EXERCISE DESCRIPTION: Look through the entries below and extract exactly the lines from the one containing "संतोष कश्यप- अंबिकापुर।" through the one containing "据不完全梳理在线配资平台,近", ends included.

GIVEN RECORDS:
=== Begin Enclosure ===

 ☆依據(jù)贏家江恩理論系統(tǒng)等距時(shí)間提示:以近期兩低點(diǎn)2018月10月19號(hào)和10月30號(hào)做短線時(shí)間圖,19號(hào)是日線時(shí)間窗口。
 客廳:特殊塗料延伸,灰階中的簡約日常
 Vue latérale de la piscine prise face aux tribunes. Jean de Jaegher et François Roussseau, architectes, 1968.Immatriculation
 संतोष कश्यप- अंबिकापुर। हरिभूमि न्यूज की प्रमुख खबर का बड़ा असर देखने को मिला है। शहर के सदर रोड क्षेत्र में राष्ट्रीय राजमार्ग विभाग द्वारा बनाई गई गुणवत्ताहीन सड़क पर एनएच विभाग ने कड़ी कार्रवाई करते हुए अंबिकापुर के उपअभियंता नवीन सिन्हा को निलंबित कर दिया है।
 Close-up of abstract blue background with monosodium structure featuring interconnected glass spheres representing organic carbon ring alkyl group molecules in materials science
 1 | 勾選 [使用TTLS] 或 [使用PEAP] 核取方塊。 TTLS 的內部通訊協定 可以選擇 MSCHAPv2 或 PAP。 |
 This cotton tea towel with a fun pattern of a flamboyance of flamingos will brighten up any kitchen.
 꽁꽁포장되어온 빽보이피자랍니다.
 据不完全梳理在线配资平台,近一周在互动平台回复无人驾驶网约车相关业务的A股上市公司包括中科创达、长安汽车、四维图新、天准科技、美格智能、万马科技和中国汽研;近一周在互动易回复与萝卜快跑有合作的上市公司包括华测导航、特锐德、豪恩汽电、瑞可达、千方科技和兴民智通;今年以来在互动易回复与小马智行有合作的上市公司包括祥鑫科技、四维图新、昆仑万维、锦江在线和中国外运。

=== End Enclosure ===
=== Begin Enclosure ===

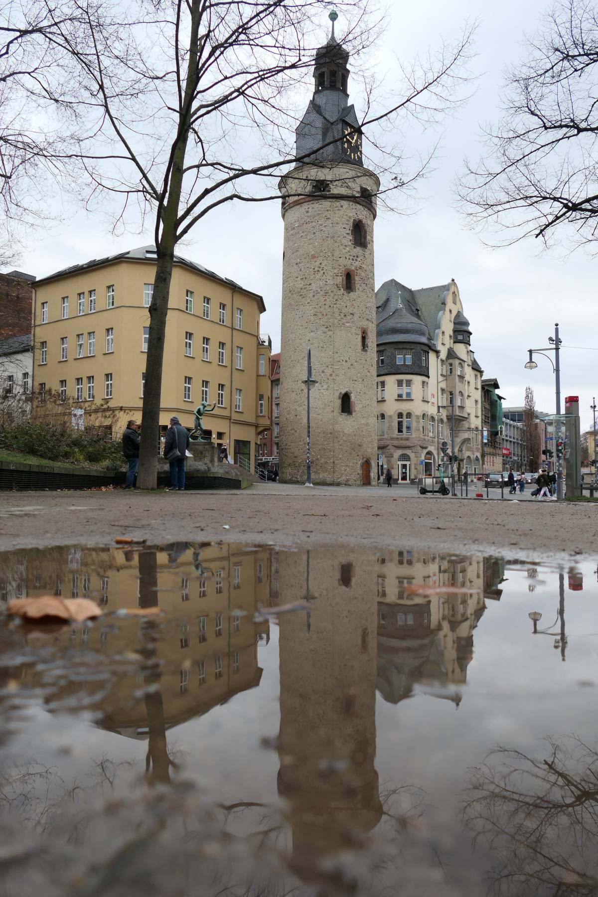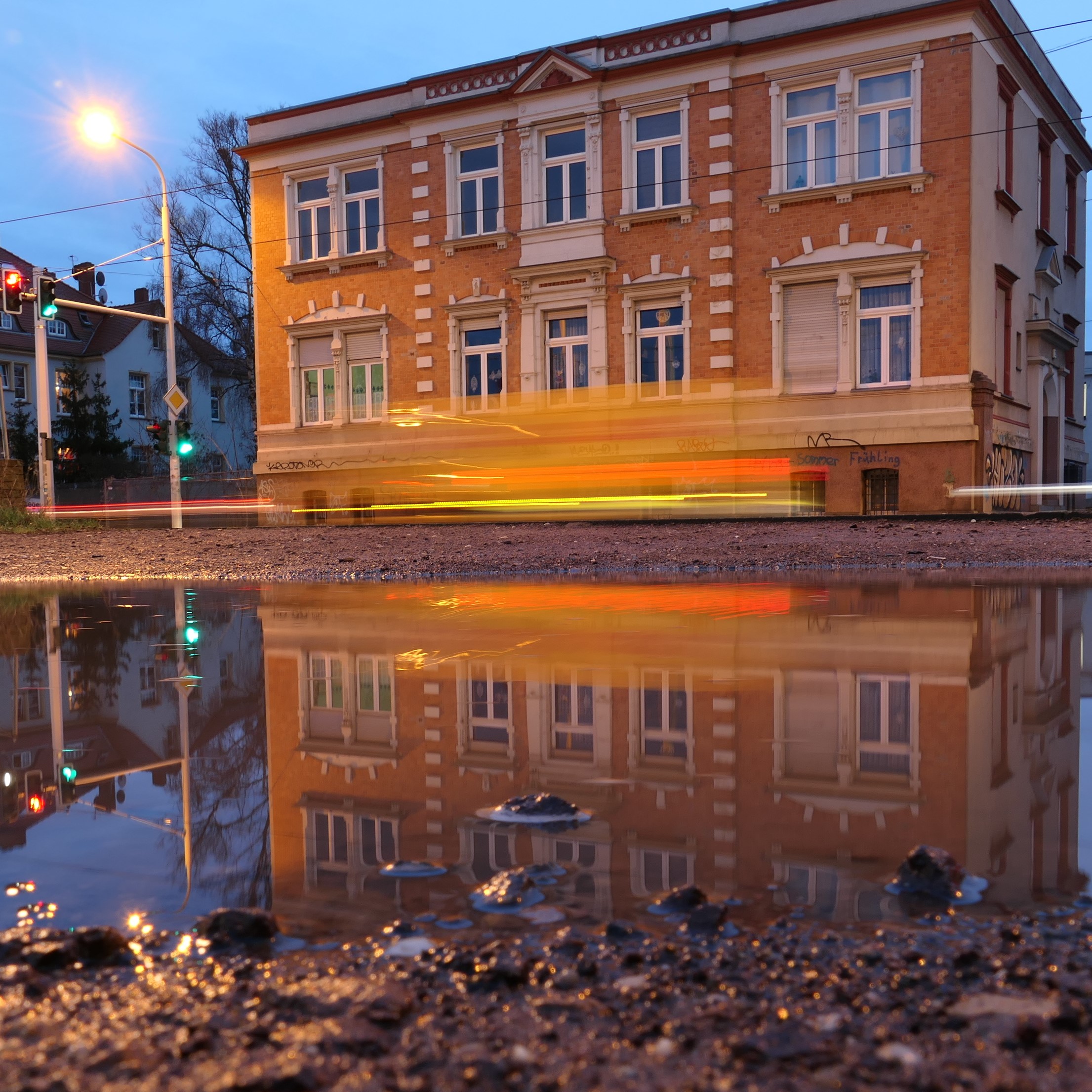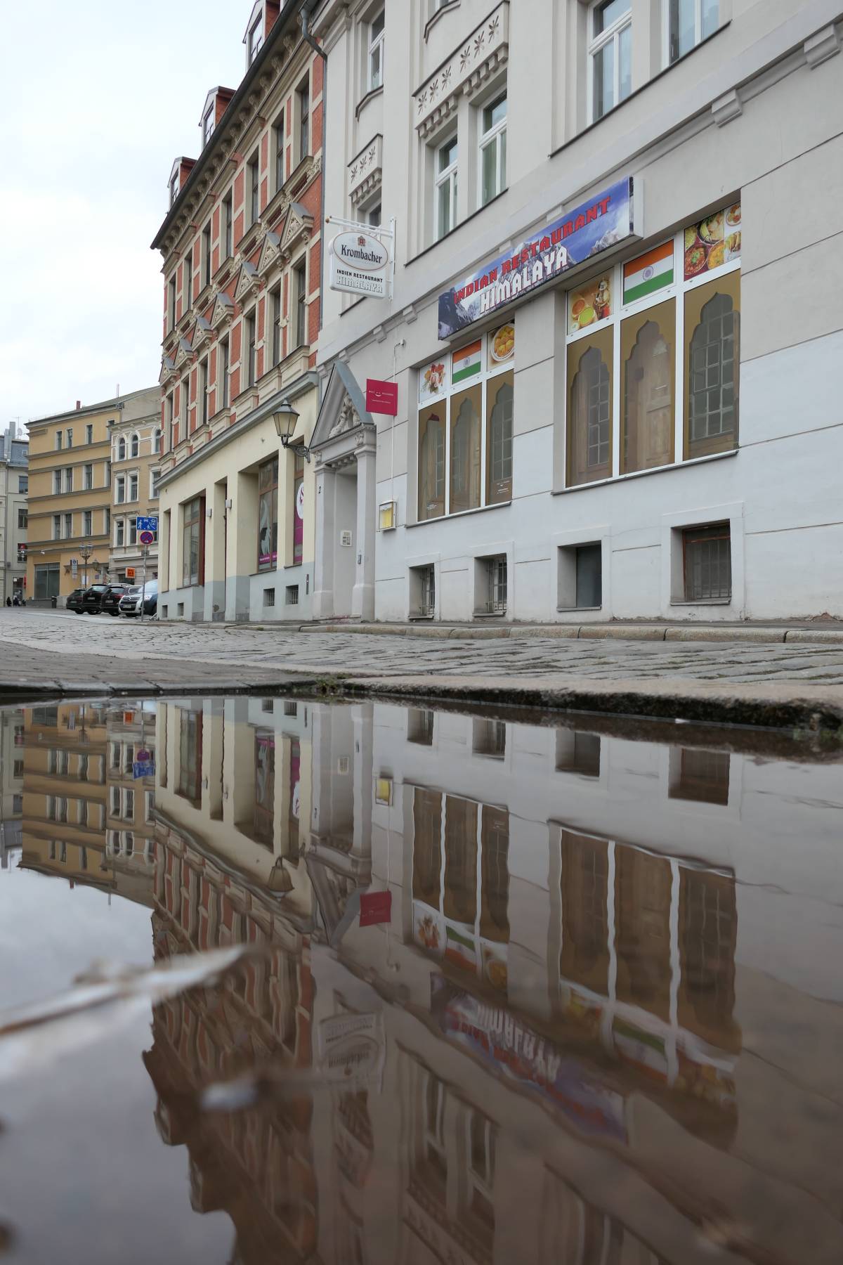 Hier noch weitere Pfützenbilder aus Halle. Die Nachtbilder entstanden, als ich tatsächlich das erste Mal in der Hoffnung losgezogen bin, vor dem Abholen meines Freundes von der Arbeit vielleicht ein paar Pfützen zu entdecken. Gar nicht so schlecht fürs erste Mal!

=== End Enclosure ===

SOLUTION BELOW:
 संतोष कश्यप- अंबिकापुर। हरिभूमि न्यूज की प्रमुख खबर का बड़ा असर देखने को मिला है। शहर के सदर रोड क्षेत्र में राष्ट्रीय राजमार्ग विभाग द्वारा बनाई गई गुणवत्ताहीन सड़क पर एनएच विभाग ने कड़ी कार्रवाई करते हुए अंबिकापुर के उपअभियंता नवीन सिन्हा को निलंबित कर दिया है।
 Close-up of abstract blue background with monosodium structure featuring interconnected glass spheres representing organic carbon ring alkyl group molecules in materials science
 1 | 勾選 [使用TTLS] 或 [使用PEAP] 核取方塊。 TTLS 的內部通訊協定 可以選擇 MSCHAPv2 或 PAP。 |
 This cotton tea towel with a fun pattern of a flamboyance of flamingos will brighten up any kitchen.
 꽁꽁포장되어온 빽보이피자랍니다.
 据不完全梳理在线配资平台,近一周在互动平台回复无人驾驶网约车相关业务的A股上市公司包括中科创达、长安汽车、四维图新、天准科技、美格智能、万马科技和中国汽研;近一周在互动易回复与萝卜快跑有合作的上市公司包括华测导航、特锐德、豪恩汽电、瑞可达、千方科技和兴民智通;今年以来在互动易回复与小马智行有合作的上市公司包括祥鑫科技、四维图新、昆仑万维、锦江在线和中国外运。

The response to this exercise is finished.